The Chamber says Ireland is a transparent and open low tax jurisdiction with tax treaties with over 40 countries including the USA. US multinationals operating in Ireland have substantial businesses here employing approximately 100,000 people and account for a significant amount of exports from Ireland. US firms, in 2007, exported an estimated €83bn of products and services from Ireland into world markets. US firms paid over €2.5bn to the Irish Exchequer in Corporate Tax (or approx 40% of total corporate tax take in 2008 and contributed a further €13bn in expenditure to the Irish economy in terms of payrolls, goods and services employed in their operations.
Equally important is Irish investment in the United States. Irish companies directly employ an estimated 80,000 (CRH is responsible for more than 50% of this figure) in 200 companies and over 1,300 locations in all 50 States across the USA. The cumulative stock of Irish foreign direct investment (FDI) in the US stood at $33.5bn in 2007. The US is one of Ireland’s top export destinations with total bilateral trade in 2008 (exports to + imports from the USA) worth €23bn.
“The US administration is aware of the importance of this relationship and of the long standing relations between our two countries. I believe that they will be aware of this when looking at how their proposals will impact on the global competitiveness of US multinational companies with operations in Ireland,” said Wall.

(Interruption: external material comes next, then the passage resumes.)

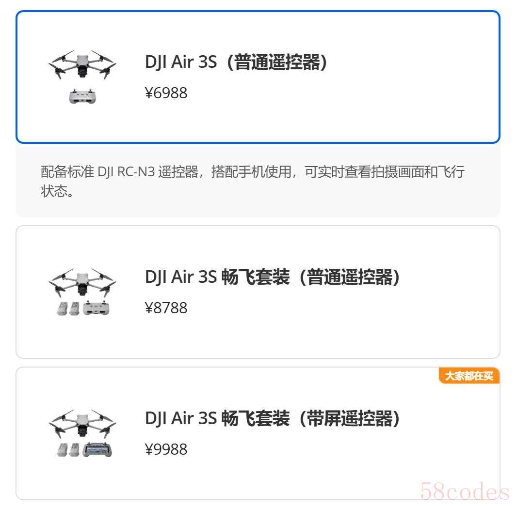 大疆创新 Air 3S自发布之日起即可购买,有三种不同的配置。
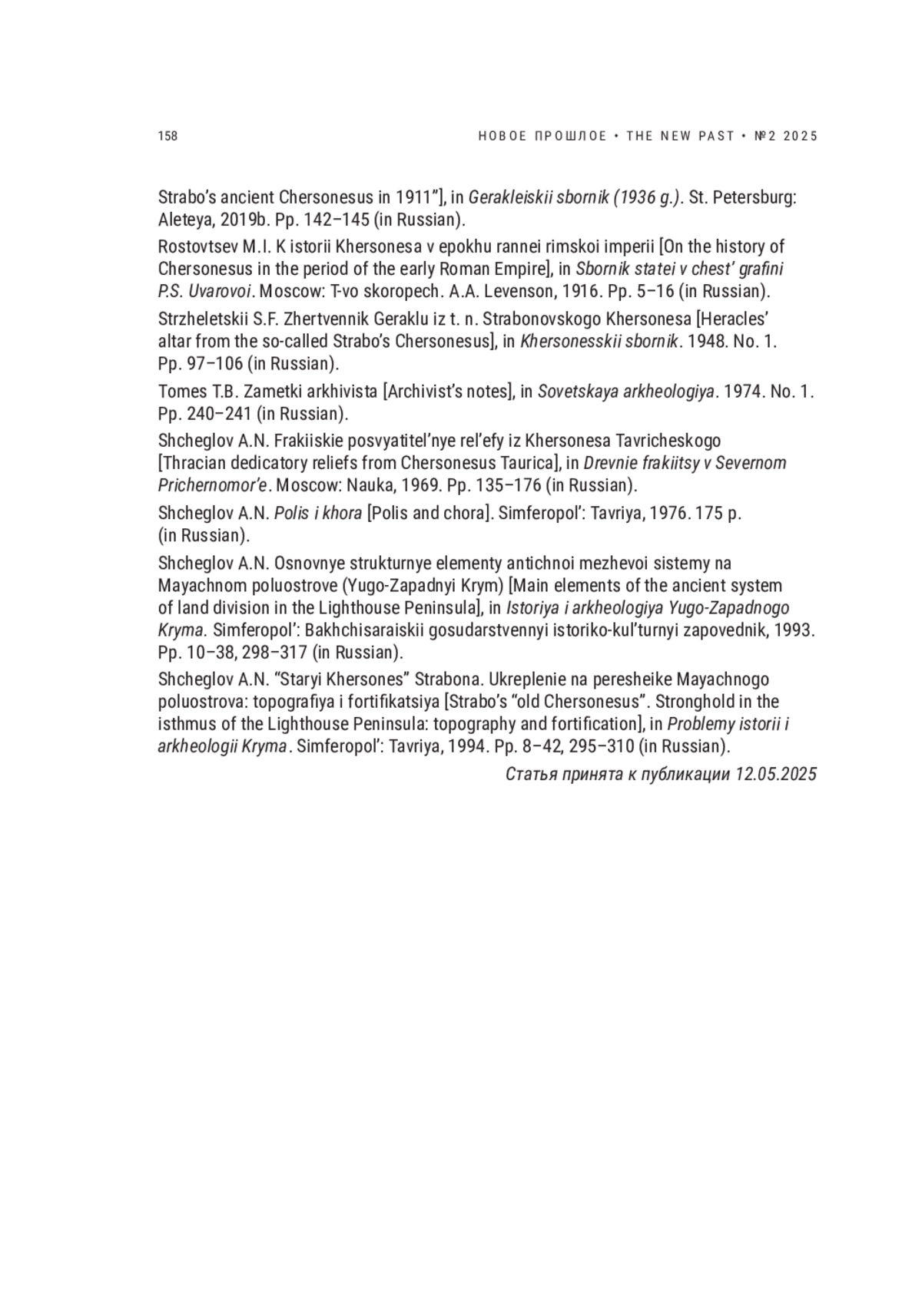 94. Pechenkin N.M. Khersones [Chersonesus], in Arkheologicheskie trudy N.M. Pechenkina. St. Petersburg: Aleteya, 2020c. Pp. 202-204. (in Russian).

Pat Wall avoids a very pertinent fact: US Bureau of Economic Analysis data shows that the combined net profit of US corporations in Ireland was $8.58 billion in 1997, $13.39 billion in 2000 and reached $31.3 billion in 2003 - - despite a slowing in activity because of the high tech bust. The $48 billion net profit in Ireland in 2005 compares with $37.01 billion in the UK and $74.06 billion in the Netherlands. US companies in Germany reported net profits of $11.22 billion in the same period while French operations made $9.52 billion and their Italian operations made $8.58 billion.
The huge rise in US profits in Ireland has not been correlated with a related increase in activity by US-based firms in Ireland.